What is the time complexity of my solution?

Question

Scenario:

I have a method called "searchRange" where I need to search for the min and max index where target occurs in the supplied input array.

Question:

I think the time complexity of this solution is O(n) because I am looping over the input just once. Is my understanding correct?

Code:

public class Solution {

    public int[] searchRange(int[] nums, int target) {
        if (nums == null) {
            return new int[2];
        }
        int min = -1, max = -1, l = nums.length;
        int[] ans = new int[2];
        for (int i = 0; i < l; i++) {
            if (nums[i] == target) {
                if (min == -1) {
                    min = i;
                } else {
                    max = Math.max(i, max);
                }
            }
        }
        if (min != -1 && max == -1) {
            max = min;
        }
        ans[0] = min;
        ans[1] = max;
        return ans;
    }
}

EDIT

Thanks, I now know that the time complexity of the above algorithm is O(n). I am trying to reach towards O(logn). I tried to use a variant of binary search to discover the min and max indices. Is the time complexity of the method given below O(logn)?

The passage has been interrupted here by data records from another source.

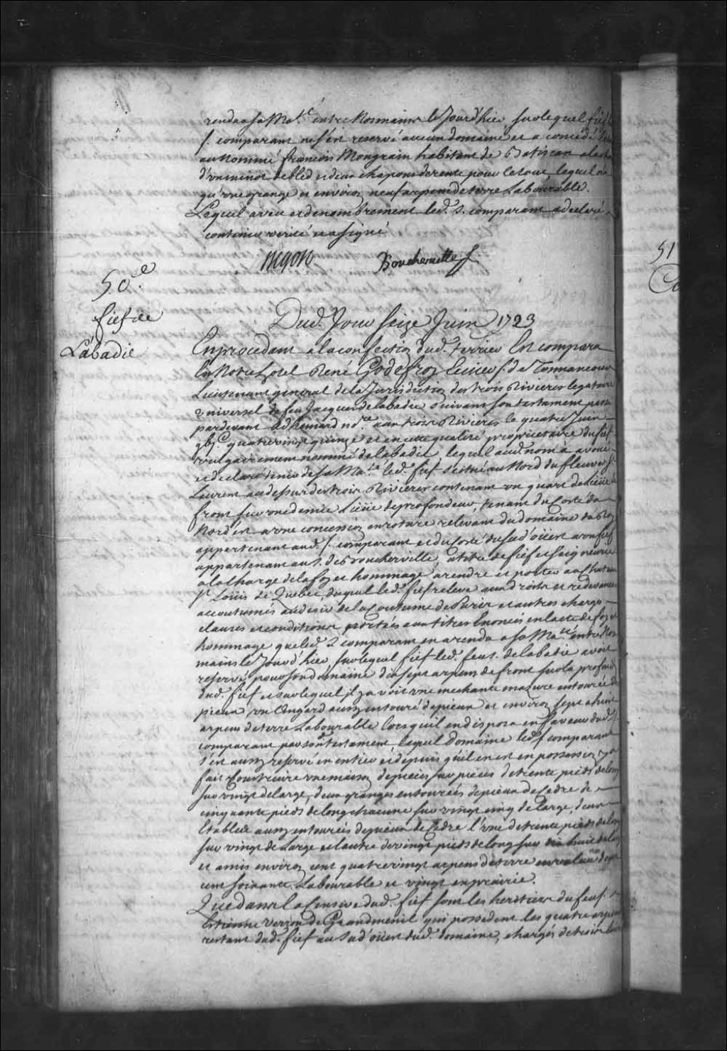 Aveu et dénombrement de René Godefroy, écuyer, sieur de Tonnancour, lieutenant général de la juridiction des Trois-Rivières, légataire universel de Jacques Labadie, pour le fief vulgairement nommé de Labadie, 16 juin 1723, Archives nationales à Québec, Fonds Intendants, (03Q,E1,S4,SS3,P50).
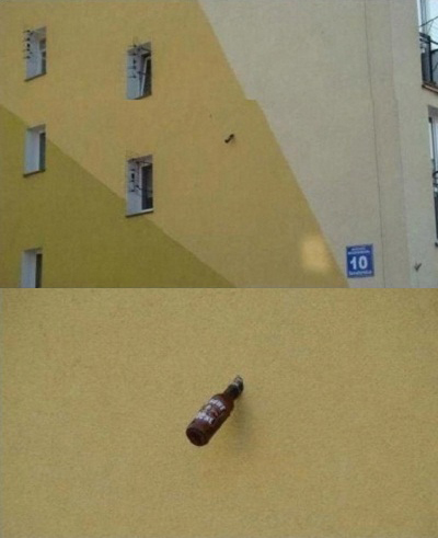 최근 온라인 커뮤니티에는 ‘술병의 패기’란 제목의 사진이 등장했다. 공개된 사진은 외국에서 촬영된 것으로 한 빌라 외벽에 무언가가 꽂혀 있다. 확대해 놓은 다른 사진을 보면 술병은 건물 벽을 뚫고 병 입구 부분만 박혀 있어 궁금증을 자아낸다.
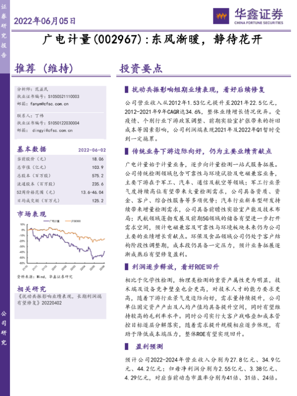 【华鑫证券】【20220605】广电计量(002967) 东风渐暖,静待花开-55页 行业研究
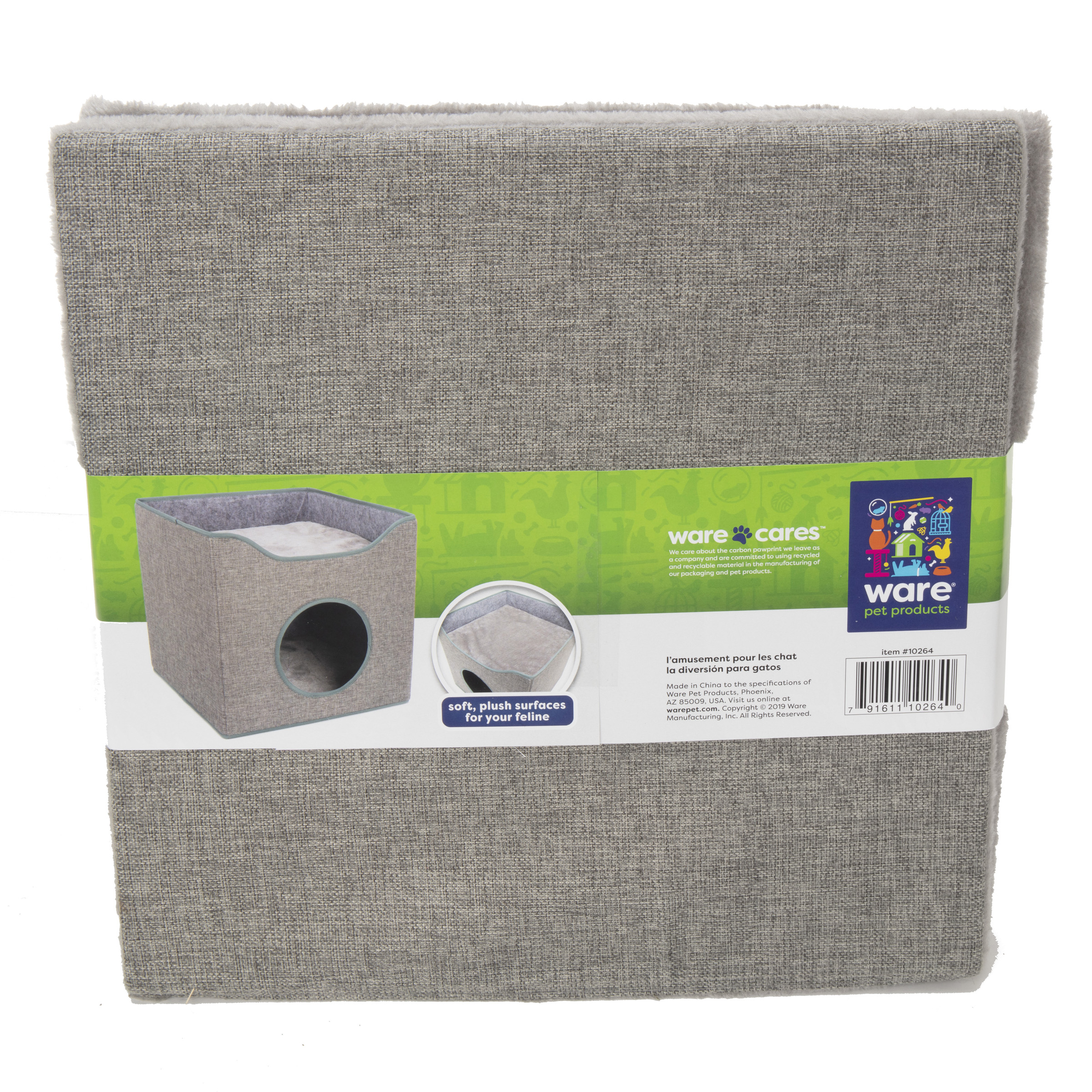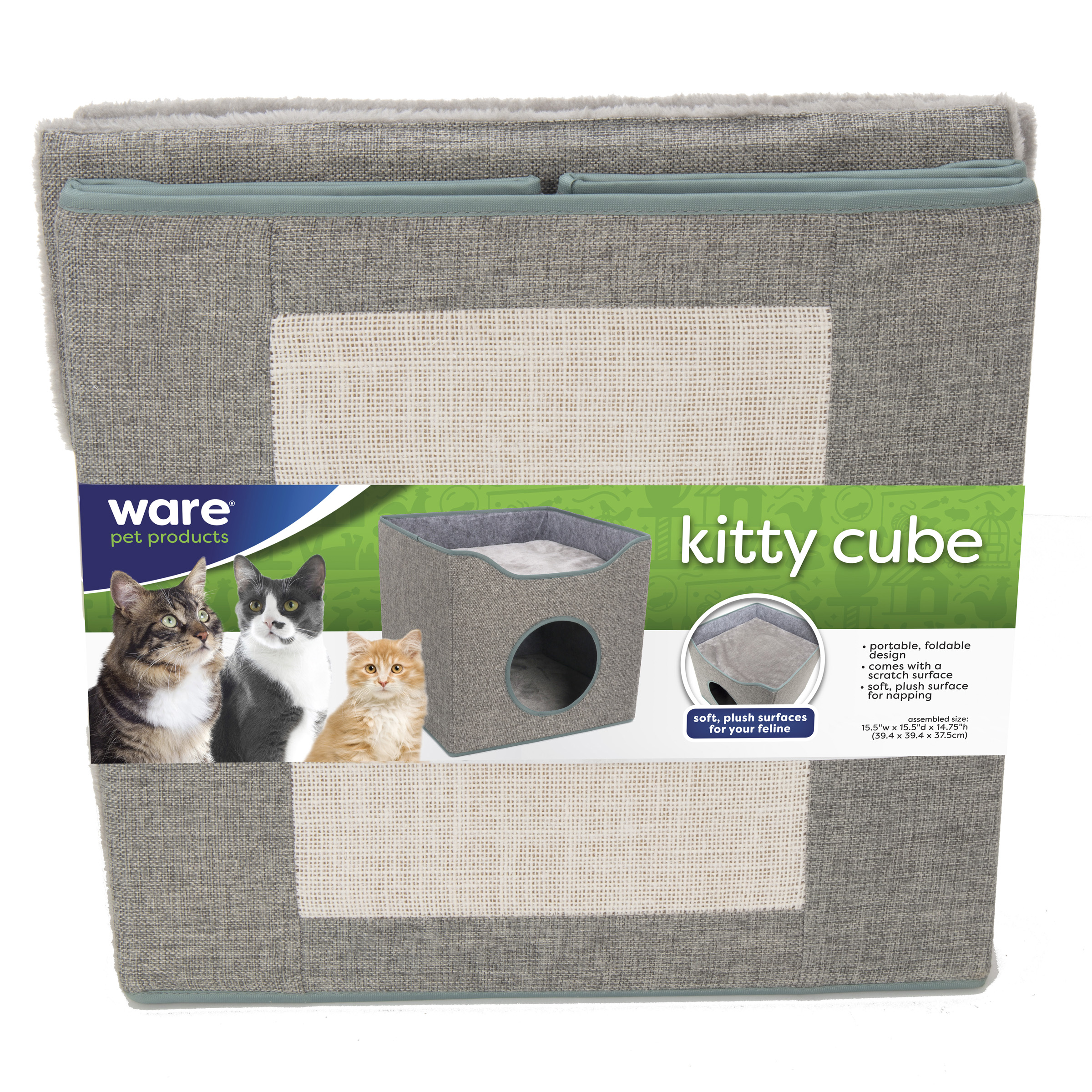The Ware Kitty Cube is an enclosed private hideaway for your feline friend. It features two levels of lounging with removable plush pads and a sisal scratching pad to help sharpen their claws
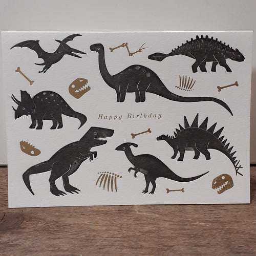 Dinosaurs Letterpress and Gold Foil Birthday Card
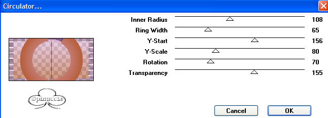Posizionati sulla copia (non sull'originale) e vai a Effetti>Plugins>Factory Gallery B>Circulator:
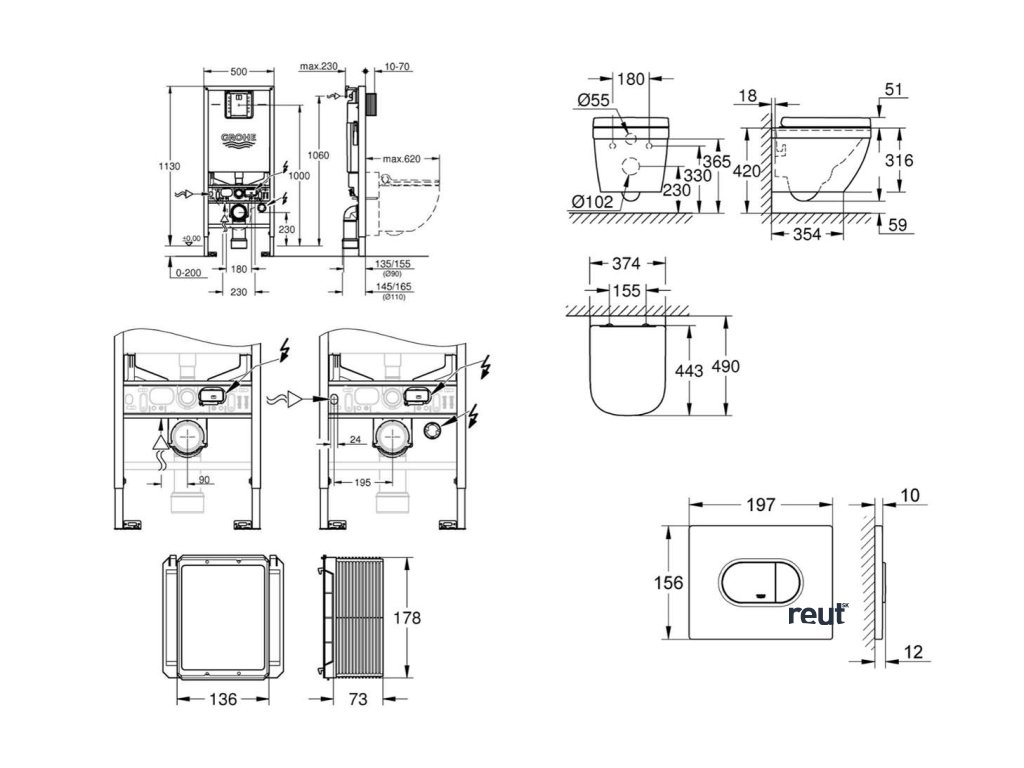 Grohe Rapid SLX Set predstenovej inštalácie, klozetu, dosky SoftClose a tlačidla Arena Cosmopolitan, Triple Vortex, alpská biela SANI11BB3108-GR
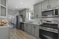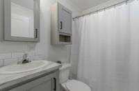 This home features extra large living room space and a galley kitchen. There are lots of cabinets but we love the tempered glass look on the upper cabinets adding style and a modern look!

public int[] searchRange(int[] nums, int target) {
    if (nums == null)
        return new int[2];
    return searchRange(nums, target, 0, nums.length - 1);
}

public int[] searchRange(int[] nums, int target, int l, int h) {
    int[] ans = new int[] { -1, -1 };
    int middle = (l + h) / 2;
    if (l > h)
        return ans;
    if (nums[middle] == target) {
        if (middle < nums.length - 1 && nums[middle + 1] == target) {
            int[] right = searchRange(nums, target, middle + 1, h);
            ans[1] = right[1];
            ans[0] = middle;
        }
        if (middle >= 1 && nums[middle - 1] == target) {
            int[] left = searchRange(nums, target, l, middle - 1);
            ans[0] = left[0];
            if (ans[1] == -1) {
                ans[1] = middle;
            }
        }
        if (ans[0] == ans[1] && ans[0] == -1) {
            ans[0] = ans[1] = middle;
        }
    } else if (nums[middle] < target) {
        return searchRange(nums, target, middle + 1, h);
    } else {
        return searchRange(nums, target, l, middle - 1);
    }
    return ans;
}

Answer 1

Looks like a simple O(n) where n is the length of your input array. You are going to loop through the entire array on every call to the searchRange() function.